Despite Morrison’s solid lead, perhaps we need to take the preferred PM result with a grain or two of sodium chloride as the latest Newspoll was conducted before the NSW lockdown was announced. In recent polls across the board, support for Morrison is falling away.
Also, the News Corp media is running a protection racket for Morrison right across the main election battlegrounds in metropolitan Victoria, the Wollongong-Sydney-Newcastle region and in southeast Queensland. It is likely that this media barrage of pro-Liberal and anti-Labor coverage is still working in Morrison’s favour.
But it is in the “preferred Prime Minister” numbers that the trend has begun to look bad for Morrison in recent polls. The closeness in the polls and the slowly dropping support for the Prime Minister is why some political pundits are now thinking that Scott Morrison’s enthusiasm for an early election is waning. Gullible Canberra bubblers, like the ancient scribe Dennis Atkins, continue to think Morrison may be able to take advantage of a generous public sentiment that he has done a good job with the COVID-19 pandemic.
I seriously don’t understand how such senior members of the Press Gallery can get this so dreadfully wrong. Does anybody seriously think Morrison’s done a good job with the coronavirus response? Quarantine and the vaccine rollout have been unmitigated disasters and Morrison has bungled everything because he has seen it all through a political lens. The only reason I can give for all of this nonsense is that the PM gets a relatively easy run from the news media (with one or two exceptions) and he takes advantage of having a large staff to run interference for him in the Press Gallery
Morrison has used the pandemic as an opportunity to wedge the Labor states and to hide some of the more sinister changes to welfare, superannuation, industrial relations and education spending that comprise his political agenda.

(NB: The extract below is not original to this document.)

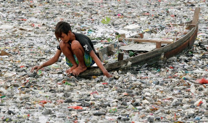 Egyfiú, aki szemetet szelektál egy vihar után a parton

But, when the going got tough, Morrison disappeared again. First, he went to Wales for the G7 meeting despite being a rather annoying spare wheel to the major discussions. Then he was conveniently in a two-week COVID-19 isolation break when everything went pear-shaped for “gold standard” NSW Premier Gladys Berejiklian.
Don’t be fooled again — the only fight Morrison cares about is to protect his own job by any means necessary. Not only that, the Prime Minister has made it clear to all of his ministers and the backbench that they must back him in this fight.
The Prime Minister lacks principles, compassion and intelligence; he is driven by instinct and a desire to be at the centre of attention. He is blind to his own mistakes because his ego is out of control and on display in his smug dismissive dealings with journalists and citizens. Morrison has shown time and time again that he is an uncaring bully. We know he doesn’t care, he told us so in a rare unguarded moment.
He doesn’t care about anything except clinging to power and all the fringe benefits that come with it. And in order to hang on, Morrison has unleashed the most brutal and misleading campaign of secrets, lies and intimidation that we’ve ever seen in Australian federal politics.
Whatever date Morrison chooses, we can be certain that the next election campaign will be a gloves-off affair and the Coalition will fight hard and dirty.
My prediction is that, at this stage, Morrison will want to hold on as long as possible in the hope that the COVID-19 situation improves enough that all of his bungling mistakes will be forgotten.